Fitting seems better with this model, significant improvement in R2 and overall fit visually. Non linear relation is now seems to be tranformed into a linear relation. However residuals doesn't seem to be normal and independently distributed, seems correllated (however this might be result of the nonlinear relation even after the transformation). ")
## Part c.
## Fitting seems better with this model, significant improvement in R2 and overall fit visually. Non linear relation is now seems to be tranformed into a linear relation. However residuals doesn't seem to be normal and independently distributed, seems correllated (however this might be result of the nonlinear relation even after the transformation).
Chapter 5, Problem 3 all parts. Note: In part (c) consider natural log of the minutes number of bacteria.
data(p5.3)
numBacteria <- p5.3$bact
minutes <- p5.3$min
plot(minutes, numBacteria)
cat("Part a.
There might be a slightly nonlinear relation between minutes and number of bacteria.
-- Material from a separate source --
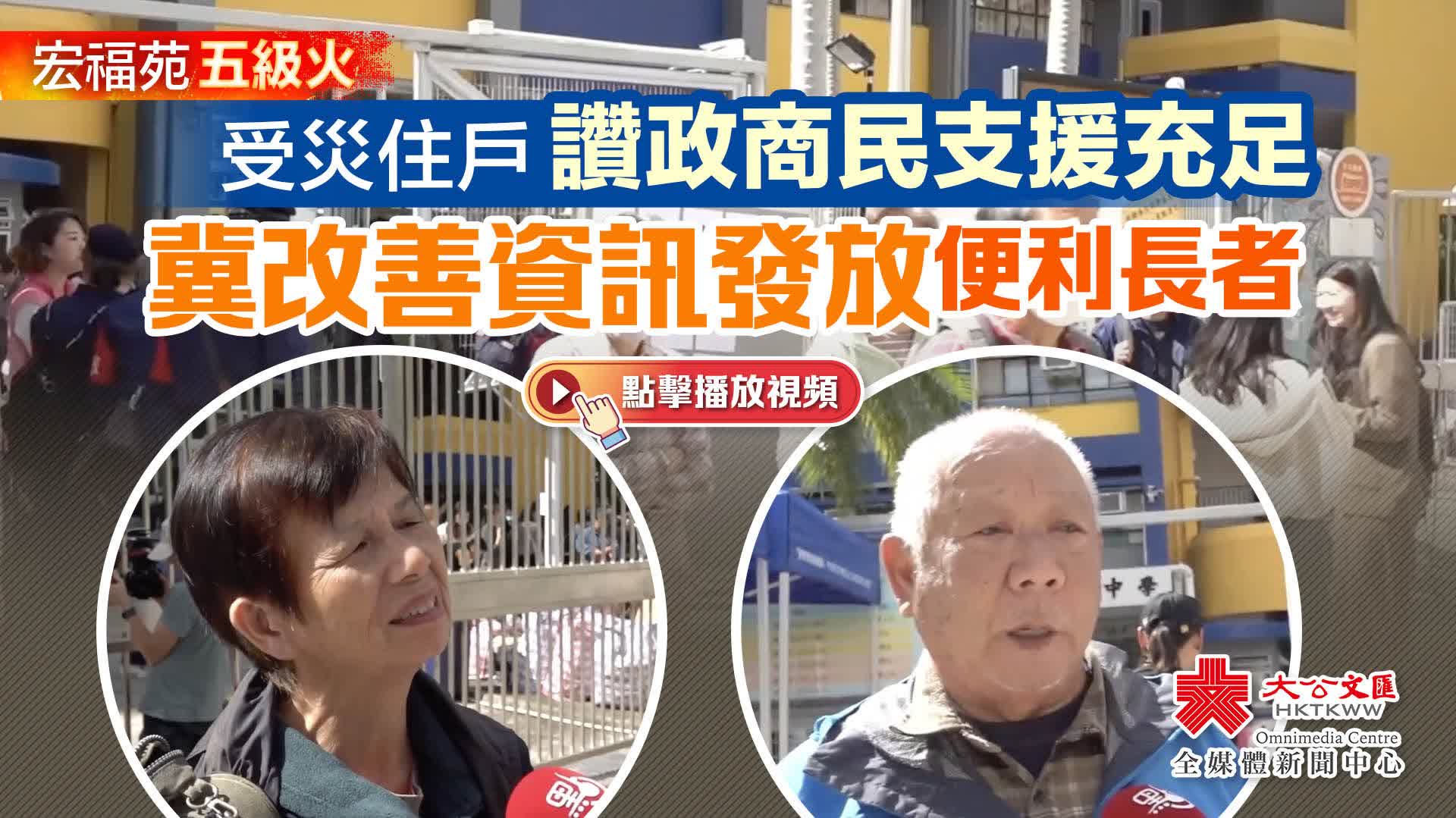 另一住戶陳女士則透露,當時火勢猛烈,所幸丈夫和自己剛好在外工作,避開一劫,現時暫在親戚家中,最大問題是擔心流離失所,期望今日順利地辦理手續,找到合適住所居住。陳女士認為,政府與社會各界有很充足的支援,感謝一眾熱心人士,但現時資訊較多,較易引人混亂,尤其宏福苑屬於老人社區,有較多長者不會用智能手機,希望能加以整理,便利市民。

Which will be more apparent below. ")
## Part a.
## There might be a slightly nonlinear relation between minutes and number of bacteria. Which will be more apparent below.
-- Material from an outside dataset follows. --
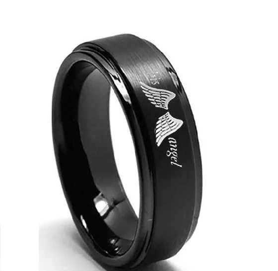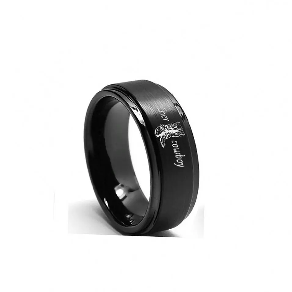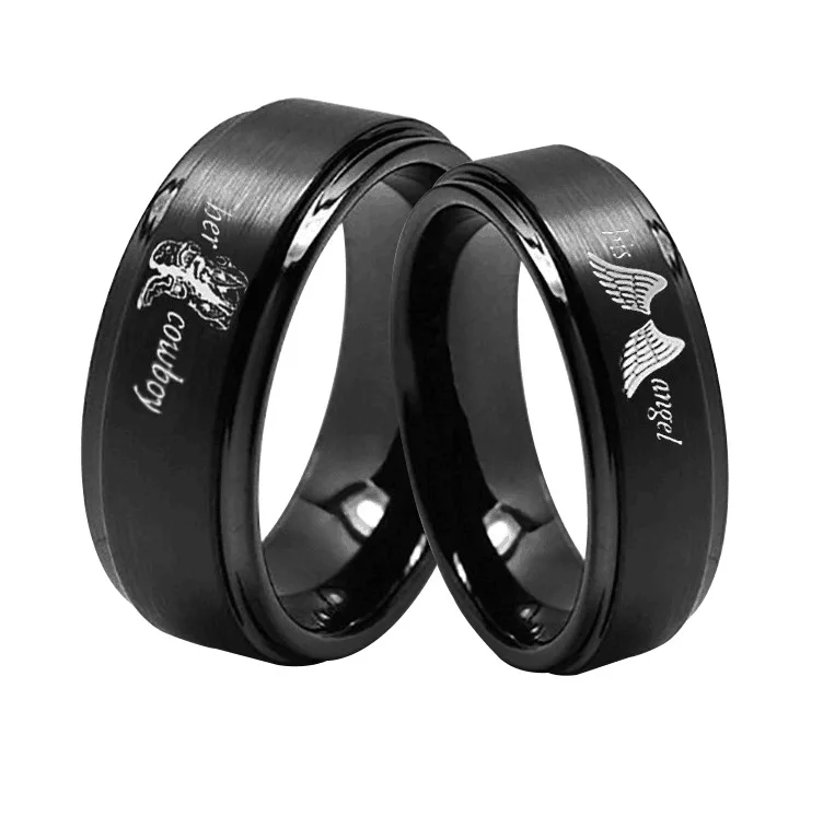 Черное кольцо для мужчин и женщин с гравировкой ангела, ее ковбой для свадьбы, помолвки, вечерние ювелирные изделия из нержавеющей стали

fit <- lm( numBacteria ~ minutes )
plot(minutes , numBacteria)
abline(fit$coefficients)
plot( predict(fit), rstudent(fit), main = "R Student Residuals vs y")
abline(c(0,0), col="red")
summary(fit)
##
## Call:
## lm(formula = numBacteria ~ minutes)
##
## Residuals:
## Min 1Q Median 3Q Max
## -17.323 -9.890 -7.323 2.463 45.282
##
## Coefficients:
## Estimate Std. Error t value Pr(>|t|)
## (Intercept) 142.20 11.26 12.627 1.81e-07 ***
## minutes -12.48 1.53 -8.155 9.94e-06 ***
## ---
## Signif. codes: 0 '***' 0.001 '**' 0.01 '*' 0.05 '.' 0.1 ' ' 1
##
## Residual standard error: 18.3 on 10 degrees of freedom
## Multiple R-squared: 0.8693, Adjusted R-squared: 0.8562
## F-statistic: 66.51 on 1 and 10 DF, p-value: 9.944e-06
qqnorm(rstudent(fit), datax = TRUE ,
main="Normal Probability Plot")
qqline(rstudent(fit), datax = TRUE )
cat("Part b.
There is a clear outlier. Normality assumption seems violated, nonlinear pattern more visible in residual plot. ")
## Part b.
## There is a clear outlier. Normality assumption seems violated, nonlinear pattern more visible in residual plot.
fitted <- lm( log(numBacteria) ~ (minutes) )
plot( predict(fitted), rstudent(fitted), main = "R Student Residuals vs y")
abline(c(0,0), col="red")
summary(fitted)
##
## Call:
## lm(formula = log(numBacteria) ~ (minutes))
##
## Residuals:
## Min 1Q Median 3Q Max
## -0.184303 -0.083994 0.001453 0.072825 0.206246
##
## Coefficients:
## Estimate Std. Error t value Pr(>|t|)
## (Intercept) 5.33878 0.07409 72.05 6.47e-15 ***
## minutes -0.23617 0.01007 -23.46 4.49e-10 ***
## ---
## Signif. codes: 0 '***' 0.001 '**' 0.01 '*' 0.05 '.' 0.1 ' ' 1
##
## Residual standard error: 0.1204 on 10 degrees of freedom
## Multiple R-squared: 0.9822, Adjusted R-squared: 0.9804
## F-statistic: 550.3 on 1 and 10 DF, p-value: 4.489e-10
plot((minutes), log(numBacteria))
abline(fitted$coefficients)
qqnorm(rstudent(fitted), datax = TRUE ,
main="Normal Probability Plot")
qqline(rstudent(fitted), datax = TRUE )
cat("Part c.
The plots and summary shows much better fitting with high R2. Residual plot seems fine and fitting is satisfactory. Normality assumption also seems fine.")
## Part c.
## The plots and summary shows much better fitting with high R2. Residual plot seems fine and fitting is satisfactory. Normality assumption also seems fine.